> _Records supplied_:
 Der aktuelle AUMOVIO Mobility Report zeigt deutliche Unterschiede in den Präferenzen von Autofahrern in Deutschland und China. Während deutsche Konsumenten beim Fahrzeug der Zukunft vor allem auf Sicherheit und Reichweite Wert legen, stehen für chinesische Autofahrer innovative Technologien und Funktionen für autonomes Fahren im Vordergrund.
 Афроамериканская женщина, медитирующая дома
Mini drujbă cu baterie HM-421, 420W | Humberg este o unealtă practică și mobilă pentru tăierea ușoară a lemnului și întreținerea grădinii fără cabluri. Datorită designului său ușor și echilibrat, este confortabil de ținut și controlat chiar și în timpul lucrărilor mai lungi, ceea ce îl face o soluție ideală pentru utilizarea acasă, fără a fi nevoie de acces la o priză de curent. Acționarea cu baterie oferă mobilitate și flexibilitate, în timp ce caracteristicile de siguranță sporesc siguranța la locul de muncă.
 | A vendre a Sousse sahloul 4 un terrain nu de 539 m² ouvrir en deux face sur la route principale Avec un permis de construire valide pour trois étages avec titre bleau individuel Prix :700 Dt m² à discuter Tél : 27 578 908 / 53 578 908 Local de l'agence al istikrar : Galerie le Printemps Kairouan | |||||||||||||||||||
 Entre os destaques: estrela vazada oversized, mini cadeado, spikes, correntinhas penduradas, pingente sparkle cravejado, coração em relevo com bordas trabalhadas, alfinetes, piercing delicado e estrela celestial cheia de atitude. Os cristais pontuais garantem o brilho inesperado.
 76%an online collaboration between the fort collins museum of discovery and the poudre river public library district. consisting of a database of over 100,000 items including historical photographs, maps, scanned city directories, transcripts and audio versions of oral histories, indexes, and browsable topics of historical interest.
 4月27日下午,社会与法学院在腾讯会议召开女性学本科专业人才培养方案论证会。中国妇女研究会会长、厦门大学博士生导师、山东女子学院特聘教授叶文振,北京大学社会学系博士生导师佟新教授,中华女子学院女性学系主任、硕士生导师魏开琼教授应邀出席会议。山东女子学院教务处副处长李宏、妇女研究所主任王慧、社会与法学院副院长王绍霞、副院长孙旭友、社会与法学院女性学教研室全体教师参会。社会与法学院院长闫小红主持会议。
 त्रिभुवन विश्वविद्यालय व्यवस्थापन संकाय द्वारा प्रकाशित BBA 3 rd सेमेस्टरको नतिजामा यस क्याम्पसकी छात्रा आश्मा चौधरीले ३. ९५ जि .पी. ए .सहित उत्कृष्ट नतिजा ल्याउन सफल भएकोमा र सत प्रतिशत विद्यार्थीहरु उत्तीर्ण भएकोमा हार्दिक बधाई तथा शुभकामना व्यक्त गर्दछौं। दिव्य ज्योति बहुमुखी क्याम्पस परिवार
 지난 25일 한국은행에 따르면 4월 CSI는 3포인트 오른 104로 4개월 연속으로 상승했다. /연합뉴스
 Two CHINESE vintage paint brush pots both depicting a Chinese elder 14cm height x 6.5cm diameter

* * *

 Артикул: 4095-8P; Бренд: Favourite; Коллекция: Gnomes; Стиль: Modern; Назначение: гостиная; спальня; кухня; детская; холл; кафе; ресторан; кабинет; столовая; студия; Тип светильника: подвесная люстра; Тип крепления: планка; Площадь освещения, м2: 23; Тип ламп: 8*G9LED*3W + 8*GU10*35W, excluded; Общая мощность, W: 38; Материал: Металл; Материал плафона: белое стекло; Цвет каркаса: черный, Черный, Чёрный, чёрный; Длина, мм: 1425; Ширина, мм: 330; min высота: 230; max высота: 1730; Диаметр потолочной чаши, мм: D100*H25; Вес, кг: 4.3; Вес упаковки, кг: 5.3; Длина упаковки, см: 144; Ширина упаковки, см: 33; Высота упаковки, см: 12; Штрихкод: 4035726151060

...

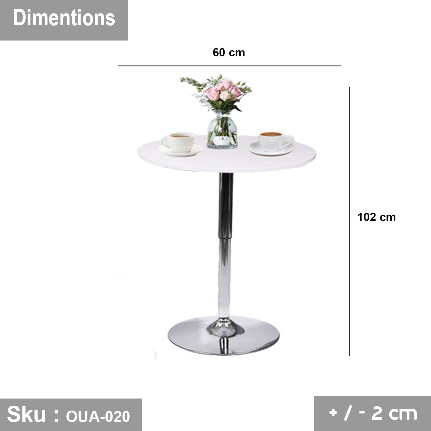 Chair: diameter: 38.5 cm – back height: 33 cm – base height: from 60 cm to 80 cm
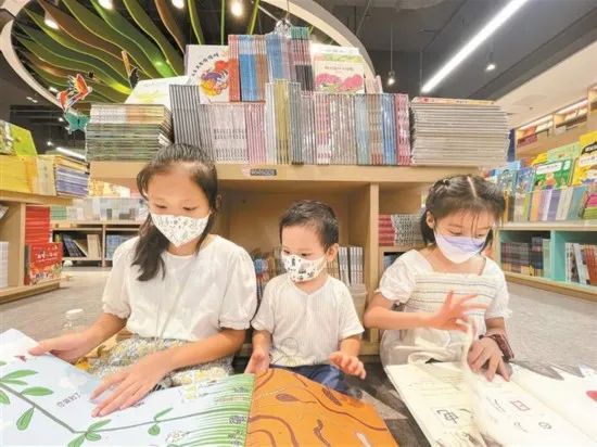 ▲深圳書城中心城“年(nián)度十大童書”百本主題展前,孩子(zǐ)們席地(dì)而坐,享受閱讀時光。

> _Your assignment_:
What you return should be exactly the lines above, starting at the one with "76%an online collaboration" and ending at the one with "Two CHINESE vintage", and nothing else.

> _Your solution_:
 76%an online collaboration between the fort collins museum of discovery and the poudre river public library district. consisting of a database of over 100,000 items including historical photographs, maps, scanned city directories, transcripts and audio versions of oral histories, indexes, and browsable topics of historical interest.
 4月27日下午,社会与法学院在腾讯会议召开女性学本科专业人才培养方案论证会。中国妇女研究会会长、厦门大学博士生导师、山东女子学院特聘教授叶文振,北京大学社会学系博士生导师佟新教授,中华女子学院女性学系主任、硕士生导师魏开琼教授应邀出席会议。山东女子学院教务处副处长李宏、妇女研究所主任王慧、社会与法学院副院长王绍霞、副院长孙旭友、社会与法学院女性学教研室全体教师参会。社会与法学院院长闫小红主持会议。
 त्रिभुवन विश्वविद्यालय व्यवस्थापन संकाय द्वारा प्रकाशित BBA 3 rd सेमेस्टरको नतिजामा यस क्याम्पसकी छात्रा आश्मा चौधरीले ३. ९५ जि .पी. ए .सहित उत्कृष्ट नतिजा ल्याउन सफल भएकोमा र सत प्रतिशत विद्यार्थीहरु उत्तीर्ण भएकोमा हार्दिक बधाई तथा शुभकामना व्यक्त गर्दछौं। दिव्य ज्योति बहुमुखी क्याम्पस परिवार
 지난 25일 한국은행에 따르면 4월 CSI는 3포인트 오른 104로 4개월 연속으로 상승했다. /연합뉴스
 Two CHINESE vintage paint brush pots both depicting a Chinese elder 14cm height x 6.5cm diameter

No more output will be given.